So I have $f_n:[a,b] \rightarrow \mathbb{R}$ is continuous s.t. $f_n \rightarrow f$ uniformly on $[a,b]$. I need to show that $$ \lim_{n \rightarrow \infty} \int^b_a f_n = \int^b_a f$$
My attempt at doing that is:
If we have that $f$ is bounded, then by uniform convergence (where $\epsilon =1$) there exists a $n_0$ s.t. $$ |f_{n_0}(x) - f(x)| < 1$$ $\Rightarrow |f(x)| \leq |f_{n_0}|+1 < M$ for all $x \in [a,b]$ and some M.
In addition now let $\epsilon > 0$. By uniform convergence it must be true that there exists N such that $|f_n(x)-f(x)|<\epsilon$ for all $x \in [a,b]$ and all $n \geq N$.

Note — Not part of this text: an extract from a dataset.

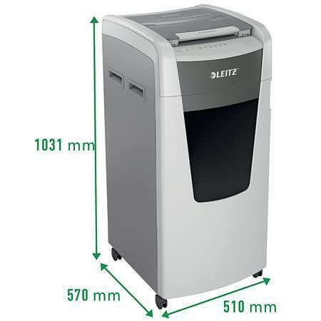 Funkce: technologie proti zaseknutí papíru (automaticky se zastaví a spustí zpětný chod); velkokapacitní odpadní nádoba; skartuje papír, svorky, sponky na papír; dotykové ovládání; mimořádně+ tichý provoz (při dodržování údržby pomocí olejových listů LEITZ).

We can then use Riemann's condition, my logic being that because $f_n$ is continuous then it also follows that it is integrable? If this is the case then there exists a dissection $D$ of $[a,b]$ s.t:
$U(f_n(D))-L(f_n(D)) < \epsilon(b-a)$
Which are the upper and lower sums of $f_n$ respectively. Now we can prove that $U(f(D))-L(f(D))$ is small too.
Since we know that $f \leq f_N + \epsilon$ it implies that $ \sup \ f[x_{i-1}, x_i] \leq \sup \ f_N[x_{i-1},x_i] + \epsilon$ $$\Rightarrow U(f(D))\leq L(f_n(D)) + \epsilon (b-a)$$ $$\Rightarrow U(f(D))\geq L(f_n(D)) - \epsilon (b-a)$$
Subtracting the two above inequalities results in $$U(f(D))-L(f(D)) < U(f_n(D))-L(f_n(D)) + 2\epsilon (b-a) \leq 3 \epsilon (b-a) $$
$\epsilon$ is arbitrary and therefore by Riemann's condition, $f$ is integrable.
Thus we can close our argument with: $$ \left| \int^b_a f - \int^b_a f_N\right| = \left|\int^b_a (f-f_N) \right| \leq \int^b_a |f-f_N| \leq \epsilon(b-a)$$
$\epsilon$ is arbitrary again so our result follows?
That is the proof I believe it to be but some of my classmates aren't convinced. Any help would be appreciated.